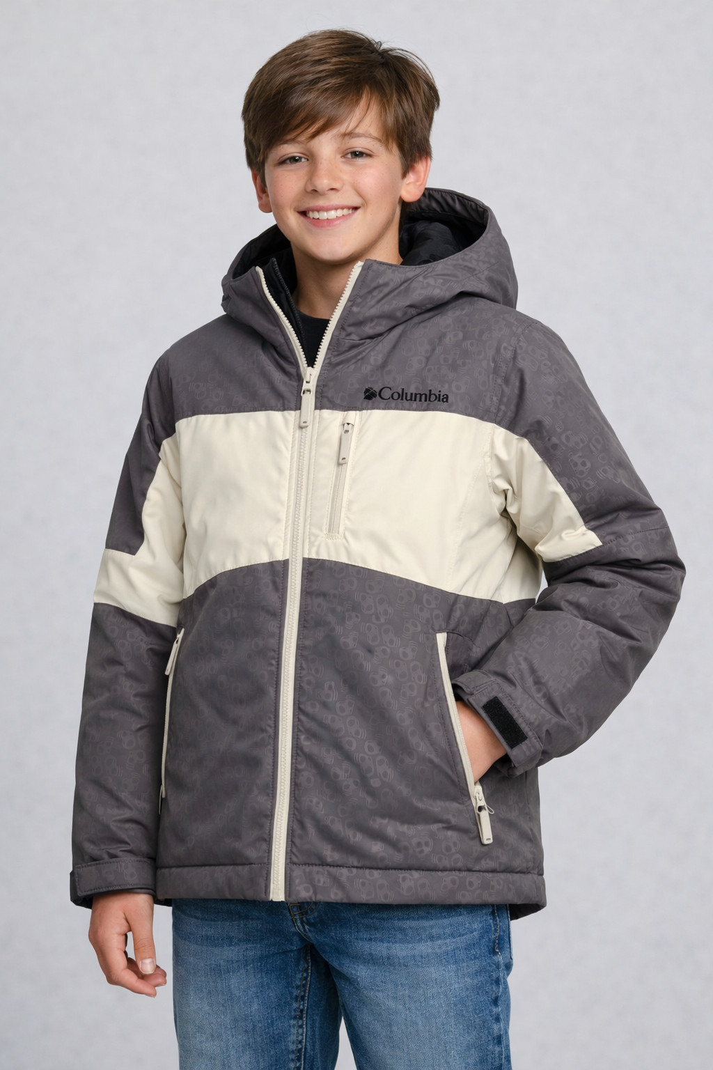 Columbia Convert Youth 14/16 Winter Ski Jacket Gray Fleece Lined Waterproof Coat
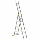 Алюминиевая трехсекционная лестница Алюмет с 8 ступенями предназначена для работы на высоте от 3,30 м до 6,11 м. Ширина ступеней 33/41/48 см позволяет свободно подниматься и спускаться. Универсальное изделие может раскладываться как стремянка, а также использоваться как односекционная приставная лестница. Опоры из толстого профиля выдерживают статическую нагрузку до 150 кг. Стремянка фиксируется в рабочем положении страховочными ремнями. Для крепления секций используются упоры.
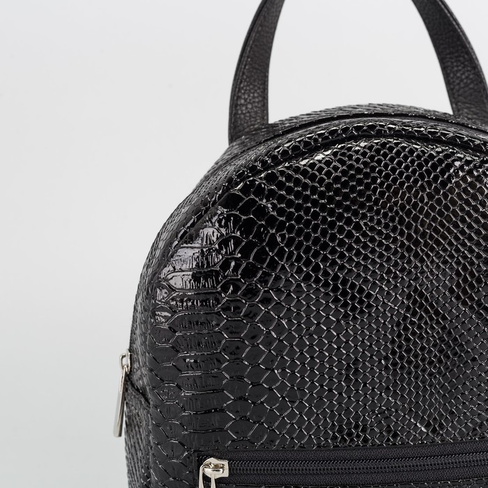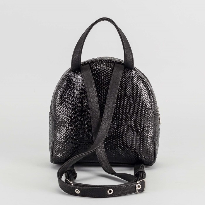 Сумка-рюкзак женский, отдел на молнии, наружный карман, змея, цвет чёрный
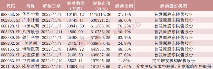 具体来看,Wind数据显示,华熙生物11月7日将解禁1.02亿股,广电计量11月8日将解禁3.37亿股,中国电研11月7日将解禁3.08亿股,八方股份11月11日将解禁4860万股。上述四家公司将解禁股份均为首发原股东限售股份。
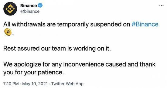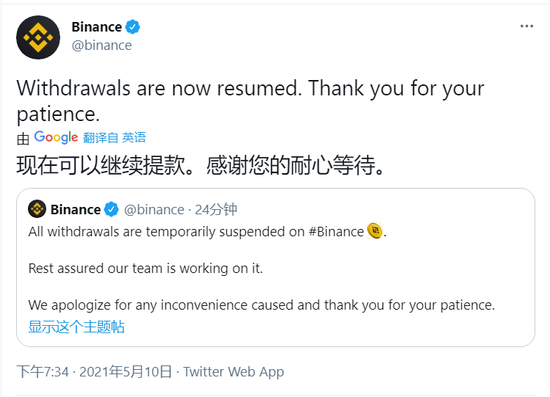 5月10日晚7点34分,币安更新状态称,所有提款已恢复。
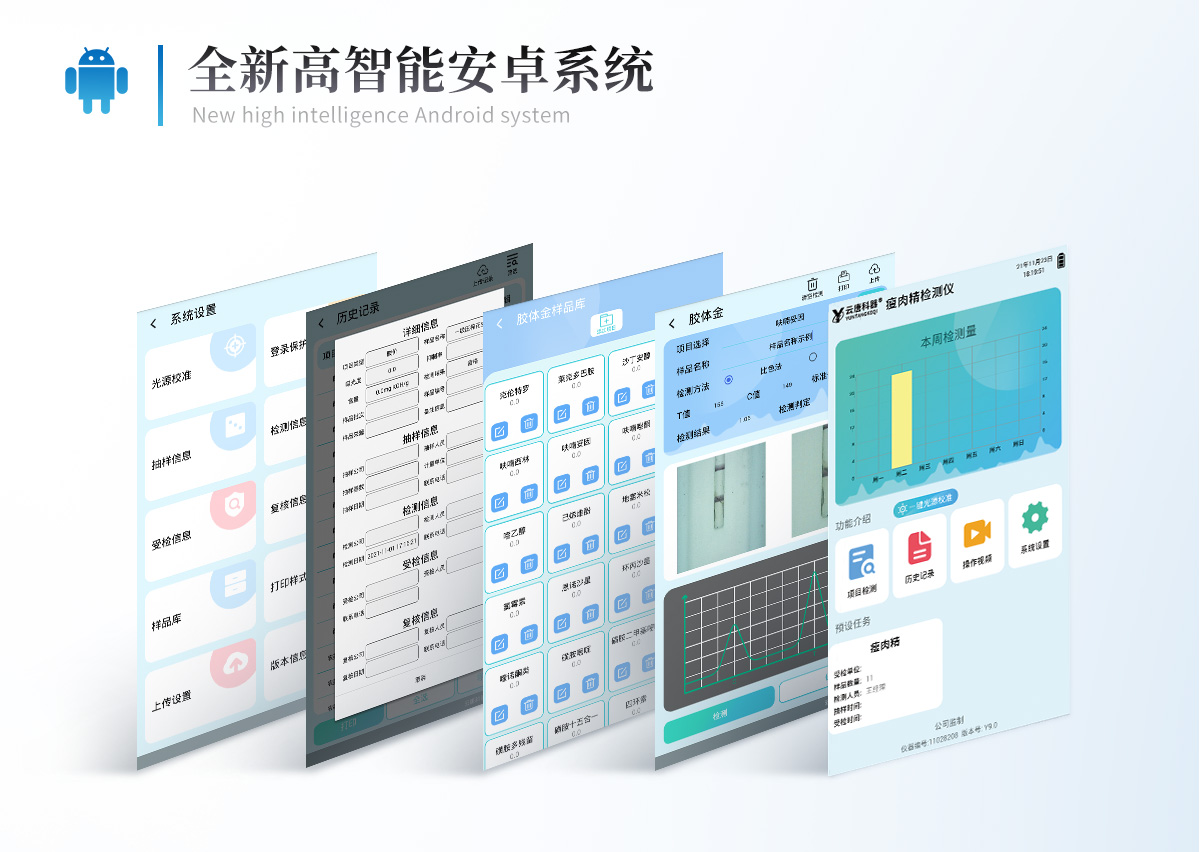 | 儀器采用10.1英寸液晶觸摸屏顯,搭配運行安卓智能操作系統,主控芯片采用ARM Cortex-A7,RK3288/4核處理器,主頻1.88Ghz,運轉速度更快速,性能更強。 | 儀器功能包括:膠體金檢測模塊、數字化管理模塊、無線通訊模塊等,可以滿足同一軟件下實現所有檢測項目的檢測,并在同一窗口展示檢測結果。 | 一體化臺式快檢設備,采用交直流兩用供電方式,可連接車載電源,配備6ah大容量充電鋰電池,可以滿足現場及流動檢測使用的需求。儀器尺寸:43×35×20cm, 主機凈重:5.1kg | 系統自帶數據集成模塊,設備首頁自動統計檢測數據包含:周檢測數據、月檢測數據,全部檢測總數量,均包含檢測總數,合格數,不合格數,以及相關柱形分析圖,對各項檢測數據清晰掌握,無需電腦查詢,更加快捷直觀。 | 儀器具有任務預設模塊,可在樣品送檢前提前預設樣品名稱、檢測指標、送檢單位等信息,樣品送檢時一鍵調取保存信息,檢測更加方便快捷。 | 直插式自動掃描方式,可實時顯示金標卡實時圖像,系統自動分析并呈現出CT曲線圖,CT線自動識別,無需手動調整,完成檢測后自動退出檢測卡。 | 膠體金模塊檢測方式:軌道式自動傳輸掃描,檢測完成后自動退出檢測卡。 | 儀器檢測系統擁有龐大數據庫,并且構建了完善的檢索、修訂功能。食品庫涵蓋多種樣品名稱,可按需添加或刪除、編輯樣品名稱;產品數據庫以及歷史檢測記錄支持一鍵檢索功能。 | 系統打印自定義化,打印格式多樣化,產品合格證(國家標準要求),二維碼,抽樣信息、檢測信息,受檢信息、復核信息、抽樣日期、檢測日期等信息結果,可按需求自行設置打印內容。 | A4紙版本報告打印功能(可選配):設備擁有兩種結果展示方式,可以自動生成A4打印模板和小票打印模板兩種樣式,可通過WiFi及網線等方式鏈接外置打印機可進行打印 | 儀器具有 wifi 聯網上傳、RJ45網線連接功能,可以快速上傳數據。同步對接監管平臺,數據可局域網和互聯網數據上傳,檢測結果直接傳至食品安全監管平臺。進行區域食品安全監管及大數據分析處理與數據統計,檢測區域食品安全長短期動態,達到食品安全問題預估、預警。 | 設備支持U盤存儲,標準USB接口,免驅動安裝。檢測結果存儲容量20萬條以上,可生成Excel表格,進行一鍵拷貝,并具有登錄保護功能,可設置用戶名及密碼,規范不同人員操作權限,防止非工作人員操作,并且可以進行重新校準、鎖定、恢復出廠設置功能。儀器固件可升級,后期檢測項目可擴充。 | 儀器具備遠程升級功能,可定向分客戶分儀器更新,開機后自動更新,并可持續性免費更新系統版本,無需像傳統產品返廠更新,節省時間及人力成本并避免了物流運輸返廠升級導致設備損壞的潛在風險。 |
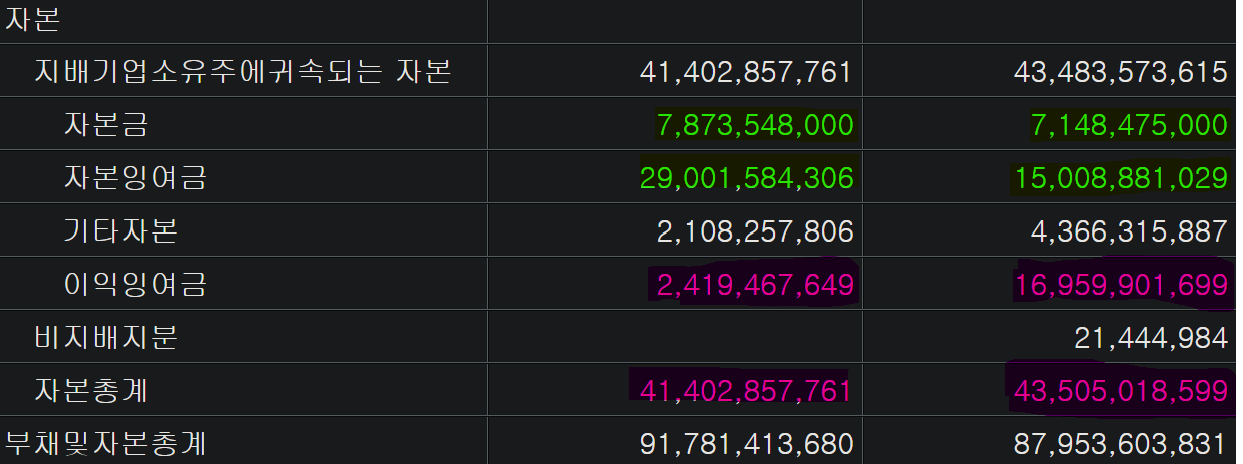 자본잉여금 : 150억 > 290억(+140억. 93%증가)

★ ★ ★ ★

Retype each line above exactly. Leave the images out.

 Columbia Convert Youth 14/16 Winter Ski Jacket Gray Fleece Lined Waterproof Coat
 Алюминиевая трехсекционная лестница Алюмет с 8 ступенями предназначена для работы на высоте от 3,30 м до 6,11 м. Ширина ступеней 33/41/48 см позволяет свободно подниматься и спускаться. Универсальное изделие может раскладываться как стремянка, а также использоваться как односекционная приставная лестница. Опоры из толстого профиля выдерживают статическую нагрузку до 150 кг. Стремянка фиксируется в рабочем положении страховочными ремнями. Для крепления секций используются упоры.
 Сумка-рюкзак женский, отдел на молнии, наружный карман, змея, цвет чёрный
 具体来看,Wind数据显示,华熙生物11月7日将解禁1.02亿股,广电计量11月8日将解禁3.37亿股,中国电研11月7日将解禁3.08亿股,八方股份11月11日将解禁4860万股。上述四家公司将解禁股份均为首发原股东限售股份。
 5月10日晚7点34分,币安更新状态称,所有提款已恢复。
 | 儀器采用10.1英寸液晶觸摸屏顯,搭配運行安卓智能操作系統,主控芯片采用ARM Cortex-A7,RK3288/4核處理器,主頻1.88Ghz,運轉速度更快速,性能更強。 | 儀器功能包括:膠體金檢測模塊、數字化管理模塊、無線通訊模塊等,可以滿足同一軟件下實現所有檢測項目的檢測,并在同一窗口展示檢測結果。 | 一體化臺式快檢設備,采用交直流兩用供電方式,可連接車載電源,配備6ah大容量充電鋰電池,可以滿足現場及流動檢測使用的需求。儀器尺寸:43×35×20cm, 主機凈重:5.1kg | 系統自帶數據集成模塊,設備首頁自動統計檢測數據包含:周檢測數據、月檢測數據,全部檢測總數量,均包含檢測總數,合格數,不合格數,以及相關柱形分析圖,對各項檢測數據清晰掌握,無需電腦查詢,更加快捷直觀。 | 儀器具有任務預設模塊,可在樣品送檢前提前預設樣品名稱、檢測指標、送檢單位等信息,樣品送檢時一鍵調取保存信息,檢測更加方便快捷。 | 直插式自動掃描方式,可實時顯示金標卡實時圖像,系統自動分析并呈現出CT曲線圖,CT線自動識別,無需手動調整,完成檢測后自動退出檢測卡。 | 膠體金模塊檢測方式:軌道式自動傳輸掃描,檢測完成后自動退出檢測卡。 | 儀器檢測系統擁有龐大數據庫,并且構建了完善的檢索、修訂功能。食品庫涵蓋多種樣品名稱,可按需添加或刪除、編輯樣品名稱;產品數據庫以及歷史檢測記錄支持一鍵檢索功能。 | 系統打印自定義化,打印格式多樣化,產品合格證(國家標準要求),二維碼,抽樣信息、檢測信息,受檢信息、復核信息、抽樣日期、檢測日期等信息結果,可按需求自行設置打印內容。 | A4紙版本報告打印功能(可選配):設備擁有兩種結果展示方式,可以自動生成A4打印模板和小票打印模板兩種樣式,可通過WiFi及網線等方式鏈接外置打印機可進行打印 | 儀器具有 wifi 聯網上傳、RJ45網線連接功能,可以快速上傳數據。同步對接監管平臺,數據可局域網和互聯網數據上傳,檢測結果直接傳至食品安全監管平臺。進行區域食品安全監管及大數據分析處理與數據統計,檢測區域食品安全長短期動態,達到食品安全問題預估、預警。 | 設備支持U盤存儲,標準USB接口,免驅動安裝。檢測結果存儲容量20萬條以上,可生成Excel表格,進行一鍵拷貝,并具有登錄保護功能,可設置用戶名及密碼,規范不同人員操作權限,防止非工作人員操作,并且可以進行重新校準、鎖定、恢復出廠設置功能。儀器固件可升級,后期檢測項目可擴充。 | 儀器具備遠程升級功能,可定向分客戶分儀器更新,開機后自動更新,并可持續性免費更新系統版本,無需像傳統產品返廠更新,節省時間及人力成本并避免了物流運輸返廠升級導致設備損壞的潛在風險。 |
 자본잉여금 : 150억 > 290억(+140억. 93%증가)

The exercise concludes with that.